Doubtless the conspiratorially minded will read more into these overtly nasty and convoluted plots than is really there, but it is easy to see how for example David Icke might believe that BBC scriptwriters are in the pay of the New World Order, or even the Bilderberg Group itself.
Alas, the BBC have even more sordid plans for Dr Khan than world dictatorship. Having convinced Syed's catamite Christian that Amira may be lying about their daughter's parentage, Christian has brought him a sample of Syed's hair for a DNA taste, which the bad doctor swaps for one of his own before sending it off to the laboratory. This appears to work, as Monday will see Amira branded a liar, but alas, his deception is soon to be uncovered. On the way too is more trouble for Christian as Ben accuses him of doing something no homosexual male should do to a 15 year old boy. Those with longer memories will recall this happened to Christian before, and the truth outed, but will the truth out this time?
Meanwhile, over at Coronation Street, some old faces return, and one of them goes head to head with rapist Frank Foster, who contrary to an earlier assertion here, has not had the charges dropped, but his victim, Carla, is still in a bad place psychologically.

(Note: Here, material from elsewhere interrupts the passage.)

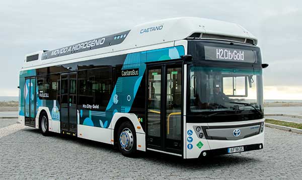 Under 2025 får Finland sina fem första bränslecellsbussar i kollektivtrafik. Bussarna är av modell Caetano H2 City Gold. Foto: Caetano.

Will Frank be unmasked, or will be be able to continue the pretence of a wronged Mr Nice Guy?
Finally, over in Emmerdale village, consensual sex of a rather unusual kind is on the menu. Lady mechanic Debbie has a daughter by farmhand Andy; young Sarah is suffering from a rare congenital disease which led at first to allegations of child abuse against her current live-in lover, Cameron. An appeal for donors leads nowhere, so she decides the only solution is for the two of them to have another child, which obviously doesn't go down too well with Cameron. Hmm, did somebody mention stem cells? This is certainly novel.
Meanwhile, Moira can't quite make up her mind about Cain, although actions speak louder than words, but how long can this go on? Probably at least until Emmerdale tops the ratings, which with the current goings on in both Coronation Street and EastEnders, might be some time.